On another note, there have been two different incidents of missionaries being held up at gunpoint in the capital in the last two weeks. One of the incidents was an attempted robbery, but the other was a successful robbery. Although this has happened in rare cases in the past, the general consensus is that this is becoming more of the norm.
We came across an article about needing to address the huge influx of Africans to Europe. We were surprised to read that the president of Chad was among the seven leaders from Europe and Africa who met together to better relations between the two sides. Africans seeking to escape poverty and/or war are crossing borders of Chad and Niger into Libya to reach a better life in Europe. “Idriss Déby Itno, the president of Chad, said ‘poverty and a lack of education’ were the main drivers of migration to Europe.”
Life in Chad is not easy. Please pray that God would provide healing to those who are hurting in Chad. Political clashes and lack of sufficient food and water are causing people to reevaluate where their shelter is from. Our hope is that the people of Chad will find their shelter in God.
To find out more about the Migration Crisis, read this article from The Guardian!
Last April we wrote about a French citizen who was kidnapped in Chad. Unfortunately we find no updates on him. What we do know is that Boko Haram has been making a come-back. There are reports that 381 civilians died at their hands since last April, with the terrorists often using women and children to carry out their suicide bombings. This is mostly in Nigeria and Northern Cameroon, but it also has been impacting our beloved Chad.
“Across the Lake Chad region, millions of civilians are in need of urgent humanitarian assistance as a result of Boko Haram violence.” Here is a link to the article.
Art is planning another trip to Chad in the next couple of months. He has made great progress in translating more books, so at this point it’s time to test the translation.
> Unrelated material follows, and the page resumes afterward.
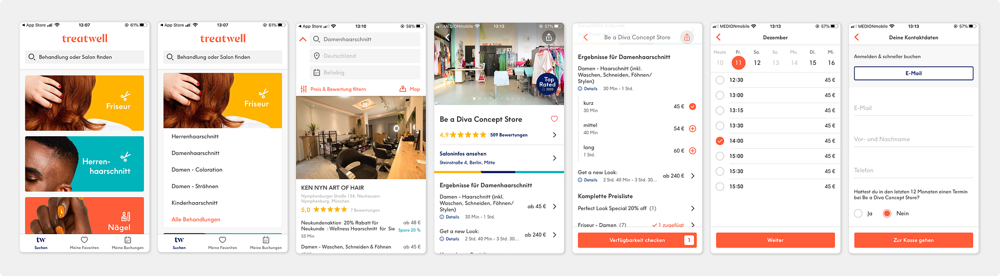 消费者旅程: 用户下载应用程序或访问网站,按地点、护理类型或特定沙龙名称进行搜索。搜索结果会显示照片、价格、空位情况和评价评分。选择时间段后,即可轻松完成结账——既可通过平台预付,也可到店后付款。
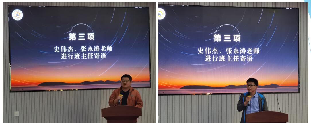 史伟杰、张永涛寄语同学们:一要勇于担当,不怕困难;二要践行品格,求真务实;三要激发动力,勇于创新。通过生动形象的例子,为同学们答疑解惑,指点迷津;期望同学们不断历练,不断成长、德才兼备、学以成人,成为德智体美劳全面发展的社会主义合格建设者和可靠接班人。

Testing helps Art’s team see if God’s Word is understood and sounds natural to local Dadjo speakers who have never heard it in their own language before. He will be gone for close to three weeks from the middle of October and into November.
There is much to be done before he leaves in order to prepare him for much that has to be done while in Chad. Please pray that his next trip will go smoothly and be fruitful!